Sebagai kota besar, Surabaya memang menjadi junjungan warga dari kota-kota lainnya. Bahkan, dulu, setiap menjelang Lebaran, Surabaya selalu diserbu pengemis, gelandangan dan anak jalananan. Mereka datang dari luar Surabaya. Dari daerah asalnya, puluhan orang dinaikkan pikap atau truk oleh koordinatornya. Koordinator memberi tugas kepada orang-orang itu untuk mengemis.

Para pengemis tadi, didrop di perempatan-perempatan jalan strategis, pada pagi hari. Selanjutnya mereka akan mulai minta-minta sampai petang hari. Setelah itu mereka kembali ke daerah asalnya, menggunakan pikap atau truk yang sama.

Melihat itu, Risma memerintahkan seluruh lurah maupun camat se-Surabaya agar aktif dalam melakukan sweeping. Beberapa kawasan sudah dipetakan untuk diwaspadai mulai perbatasan kota, Taman Hiburan Pantai Kenjeran, Masjid Ampel, Masjid Al Akbar, Kebun Binatang Surabaya, Terminal Purabaya dan stasiun kereta api.

Sudah Bersih
Yang membuat Risma kesal dan sedih, ternyata para pengemis yang menyerbu Surabaya, bukan hanya yang sehat fisik, tetapi ada orang buta dan ibu-ibu sambil menggendong anak balita.

Terhadap mereka yang diamankan, selanjutnya dibawa ke Liponsos. Bagi yang masih mempunyai keluarga, dikembalikan. Sedangkan yang tidak mempunya keluarga, selanjutnya dilatih ketrampilan.

Para tuna wisma yang menghuni kolong jembatan di atas Kalimas, juga tidak luput dari perhatian wali kota perempuan pertama di Surabaya ini.

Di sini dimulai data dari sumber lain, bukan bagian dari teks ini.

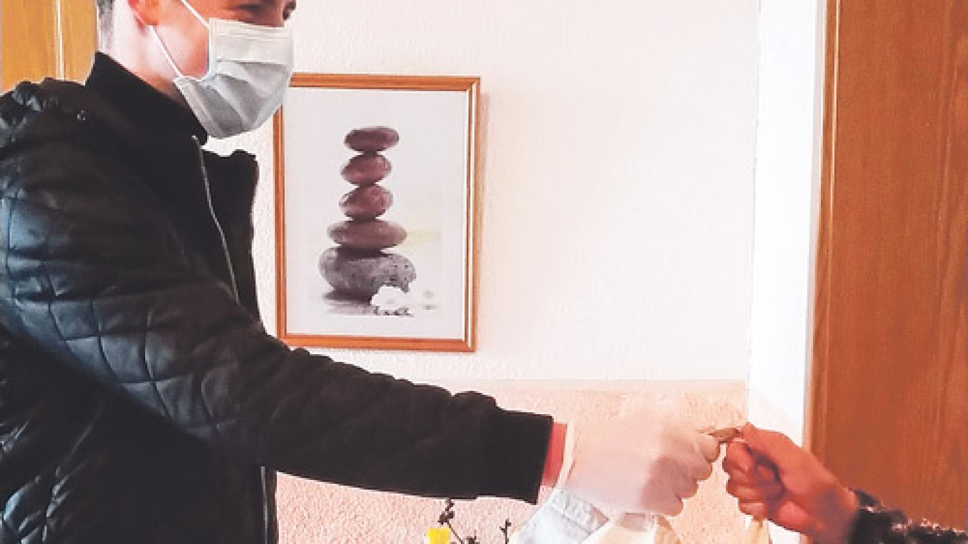 | Helfen mit Sicherheitsabstand. Der Eichsfelder Gymnasiast Henry Müller übergibt das Eingekaufte. Foto: Markus Könen |

Para tuna wisma itu lebih dahulu dientas selanjutnya diminta untuk menempati rumah susun yang dibangun Pemkot Surabaya.
Kini, kolong jembatan termasuk Jembatan Merah yang legendaris itu, sudah bersih dari tuna wisma. Jembatan ini menjadi saksi atas meninggalnya jendral Mallaby, Inggris, saat pecah revolusi fisik.

Hal lain yang masih terkait dengan sosial kemasyarakatan adalah, Pemkot Surabaya membantu permakanan terhadap 11.000 lansia kurang mampu.

Sehari sekali tanpa libur, para lansia tadi dikirimi makan dengan menu sehat terkontrol. Guna melayani mereka, pemkot, bekerja sama dengan pemilik warung makan.

Jadi, sebelum Risma menjadi menteri sosial, ia sudah menjalankan program sosial untuk meningkatkan kesejahteraan yang lebih baik.